1. Presseschau
- Krämers Sprachverein 2.0
- Lebendiger Dialekt?
- Vergessene Sprache
- Auch ein Dialekt – die Sprache der Politiker
2. Unser Deutsch
- Das oder dass?
3. Berichte
- Schlagzeile des Jahres in der Presse
- Geschlechtergerechte Sprache im DUDEN
4. VDS-Termine
5. Literatur
- Toter Dichter
- Tage des Lesens
6. Denglisch
- Sightseeing in Börlin
7. Sprachlosigkeit
- Im Inhalt spielen weder Text noch Bild eine Rolle
8. Kommentar
- Nützlich unterschieden, sinnlos bezeichnet
1. Presseschau
Krämers Sprachverein 2.0
Frauenrechtlerin Marlies Krämer, die von ihrer Sparkasse als Kundin und nicht als Kunde angesprochen werden möchte und ihren Rechtsstreit bis in den Bundesgerichtshof führte, hat nun einen Verein „zur Erlangung der sprachlichen Gleichberechtigung“ mit Sitz in Sulzbach gegründet. Die eigene Position macht der Verein auch in der Satzung deutlich, in der das „generische Femininum“ verwendet wird. Männer seien darin mitgemeint, die männliche Bezeichnung sei in Bezeichnungen wie Schriftführerin bereits enthalten. Es könne also natürlich auch ein Mann Schriftführerin werden. Die geschlechtergerechte Schreibweise mit Gendersternchen lehnt Frau Krämer ab. Dieses trenne die feminine Endung vom Hauptwort (vgl. Mitstreiter*in): „Ich möchte als ganze Frau erkennbar sein und nicht zerstückelt werden“. (sol.de, saarbruecker-zeitung.de)
Lebendiger Dialekt?
Die Pforzheimer Zeitung berichtet über Nachwuchsprobleme der Mundarttheater. Beispielsweise in Stuttgart bilden die Theater einen Verbund, so können sie einander Schauspieler ausleihen. Vereine, in denen sich Freunde eines Dialektes zusammentun, spüren derweil Aufwind und verzeichnen höhere Mitgliederzahlen. Wolfgang Wulz vom Mundartkünstlerverein mund.art führt das darauf zurück, dass die Bürger in der Globalisierung auf Heimat und Kindheitstraditionen zurückgreifen.

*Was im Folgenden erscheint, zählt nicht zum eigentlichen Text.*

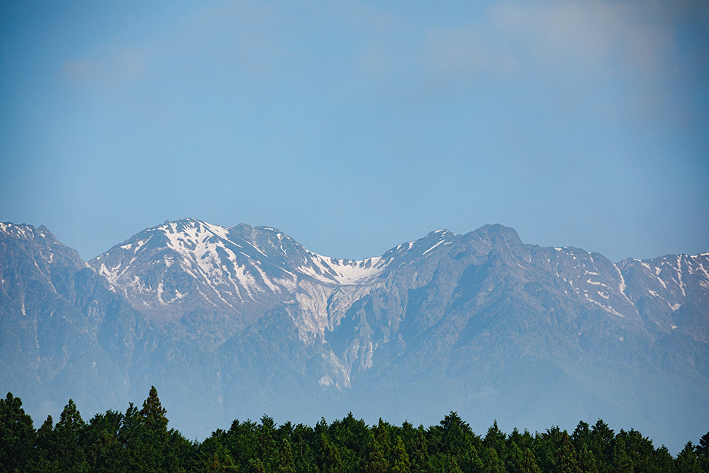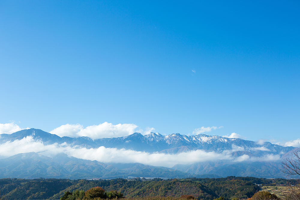 中央高速自動車道で諏訪湖を横目に見送り、ジャンクションのカーブを南へ。岡谷の山中を抜けたあたりから、景色がふいに変っていくことに気づく。いつの間にか右にも左にも、屏風のようにそびえ立つ2000〜3000メートル級のアルプス。けれどその光景に迫り来る緊張感はなく、ゆったりと裾野を広げた山々はむしろ、ほどよい間合いでこちらを見守っているようだ。

Viele junge Menschen beherrschen den Dialekt ihrer Heimatregion nicht mehr, verstehen ihn aber noch. So auch die aus Köln stammenden Mitglieder der Band AnnenMayKantereit. Ihre Sprache klinge zwar rheinisch, es fehle ihnen aber an „Fachvokabular“, sagt der Sänger Henning May. Lieder auf Kölsch zu veröffentlichen, überließen sie deshalb lieber anderen jungen Bands wie Kasalla. (nnn.de, pz-news.de)

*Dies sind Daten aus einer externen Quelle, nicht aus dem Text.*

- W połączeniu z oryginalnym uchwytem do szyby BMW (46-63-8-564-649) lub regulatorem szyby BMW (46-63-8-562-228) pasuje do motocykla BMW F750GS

Auch ein Dialekt – die Sprache der Politiker
In der Jahreschronik des Spiegel 2018 umreißt Nils Minkmar in einem kurzen Absatz den eigenen Beitrag der Volksparteien zum Verlust ihrer Bedeutung: „Innenpolitisch nähern sich SPD und Union auch sprachlich dem Punkt der Entropie: Wenn die Bundeskanzlerin eine Rede hält, vergisst man mitunter bereits vor dem Ende, worum es geht. Noch konfuser kommunizieren Olaf Scholz und Andrea Nahles. Selbst große politische Projekte wie die gemeinsame europäische Arbeitslosenversicherung werden so vorgestellt, dass höchstens einige Fachleute und Politjunkies überhaupt realisieren, was vollbracht wurde.“ Auch sonst lesenswert, diese Chronik.

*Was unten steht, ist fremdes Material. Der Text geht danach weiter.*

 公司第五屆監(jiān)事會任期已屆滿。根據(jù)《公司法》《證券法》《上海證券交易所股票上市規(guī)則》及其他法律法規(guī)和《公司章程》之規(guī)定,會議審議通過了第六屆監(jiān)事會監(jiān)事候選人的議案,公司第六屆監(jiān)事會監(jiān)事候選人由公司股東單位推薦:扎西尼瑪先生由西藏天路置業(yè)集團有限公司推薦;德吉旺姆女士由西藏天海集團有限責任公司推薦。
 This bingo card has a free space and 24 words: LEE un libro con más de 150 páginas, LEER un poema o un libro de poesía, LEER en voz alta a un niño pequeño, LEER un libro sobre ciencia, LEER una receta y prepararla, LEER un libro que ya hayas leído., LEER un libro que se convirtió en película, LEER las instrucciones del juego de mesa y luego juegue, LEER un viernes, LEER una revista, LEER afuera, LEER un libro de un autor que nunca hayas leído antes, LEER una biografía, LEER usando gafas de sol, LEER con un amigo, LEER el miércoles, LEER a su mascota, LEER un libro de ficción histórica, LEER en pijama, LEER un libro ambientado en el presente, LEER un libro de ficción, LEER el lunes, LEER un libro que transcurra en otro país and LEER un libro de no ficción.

An anderer Stelle, in der (oben erwähnten) Pforzheimer Zeitung wird dagegen Ministerpräsident Kretschmann mit seinem Honoratioren-Schwäbisch als guter Botschafter der Mundart gelobt. Ganz im Sinne der Image-Kampagne Wir können alles. Außer Hochdeutsch redet der Grüne, wie ihm der Schnabel gewachsen ist. Sein „Der Käs is gegessen“ zur Unwiderrufbarkeit des Bahnprojekts Stuttgart 21 ist unvergessen.
Vergessene Sprache
Einer bereits verschwundenen Sprache neues Leben einhauchen: Dieser Aufgabe haben sich Studenten der Universität Cambridge gestellt. Sie widmen sich mit Akkadisch einer Sprache , die seit etwa 2000 Jahren als ausgestorben gilt. Aus einem babylonischen Gedicht, überliefert auf einer Tontafel aus dem Jahr 701 nach Christus, entwickelten sie die Geschichte eines armen Mannes, der sein letztes Hemd gegen eine Ziege eintauscht und sie dem Bürgermeister seiner Stadt Nippur zum Geschenk machen möchte. Die Geschichte verfilmten sie in akkadischer Sprache. Das Ergebnis ihrer Arbeit ist auf YouTube zu sehen mitsamt deutschen Untertiteln und einem Transskript zum Mitlesen: youtube.com. (deutsch.rt.com)
2. Unser Deutsch
Das oder dass?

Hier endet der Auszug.